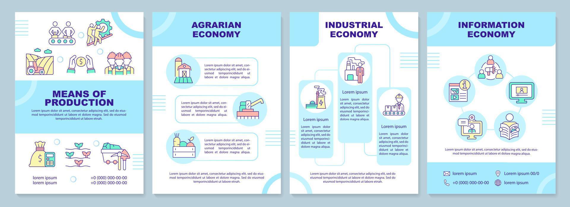 Economic system blue brochure template. Production and distribution Leaflet design with linear icons. 4 vector layouts for presentation, annual reports. Arial-Black, Myriad Pro-Regular fonts used Pro Vector
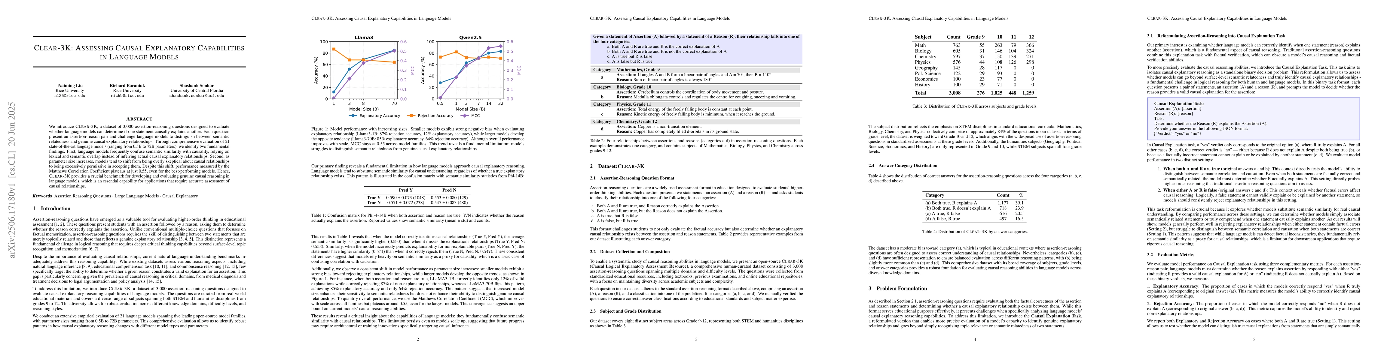 We introduce CLEAR-3K, a dataset of 3,000 assertion-reasoning questions designed to evaluate whether language models can determine if one statement causally explains another. Each question present an assertion-reason pair and challenge language models to distinguish between semantic relatedness and genuine causal explanatory relationships. Through comprehensive evaluation of 21 state-of-the-art language models (ranging from 0.5B to 72B parameters), we identify two fundamental findings. First, language models frequently confuse semantic similarity with causality, relying on lexical and semantic overlap instead of inferring actual causal explanatory relationships. Second, as parameter size increases, models tend to shift from being overly skeptical about causal relationships to being excessively permissive in accepting them. Despite this shift, performance measured by the Matthews Correlation Coefficient plateaus at just 0.55, even for the best-performing models.Hence, CLEAR-3K provides a crucial benchmark for developing and evaluating genuine causal reasoning in language models, which is an essential capability for applications that require accurate assessment of causal relationships.
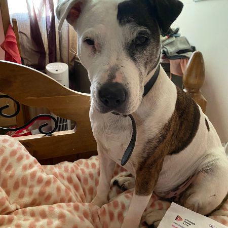 Mia is white with brindle patches over her body left eye and ear and bum with white tipe on tale and feet and she such a loving girl she was stolen Birmingham handsworth area from Herbert street at 12am saterday night Sunday morning
══════
Work instruction:
Without the pictures, give every line above again exactly.

Answer section:
 Economic system blue brochure template. Production and distribution Leaflet design with linear icons. 4 vector layouts for presentation, annual reports. Arial-Black, Myriad Pro-Regular fonts used Pro Vector
 We introduce CLEAR-3K, a dataset of 3,000 assertion-reasoning questions designed to evaluate whether language models can determine if one statement causally explains another. Each question present an assertion-reason pair and challenge language models to distinguish between semantic relatedness and genuine causal explanatory relationships. Through comprehensive evaluation of 21 state-of-the-art language models (ranging from 0.5B to 72B parameters), we identify two fundamental findings. First, language models frequently confuse semantic similarity with causality, relying on lexical and semantic overlap instead of inferring actual causal explanatory relationships. Second, as parameter size increases, models tend to shift from being overly skeptical about causal relationships to being excessively permissive in accepting them. Despite this shift, performance measured by the Matthews Correlation Coefficient plateaus at just 0.55, even for the best-performing models.Hence, CLEAR-3K provides a crucial benchmark for developing and evaluating genuine causal reasoning in language models, which is an essential capability for applications that require accurate assessment of causal relationships.
 Mia is white with brindle patches over her body left eye and ear and bum with white tipe on tale and feet and she such a loving girl she was stolen Birmingham handsworth area from Herbert street at 12am saterday night Sunday morning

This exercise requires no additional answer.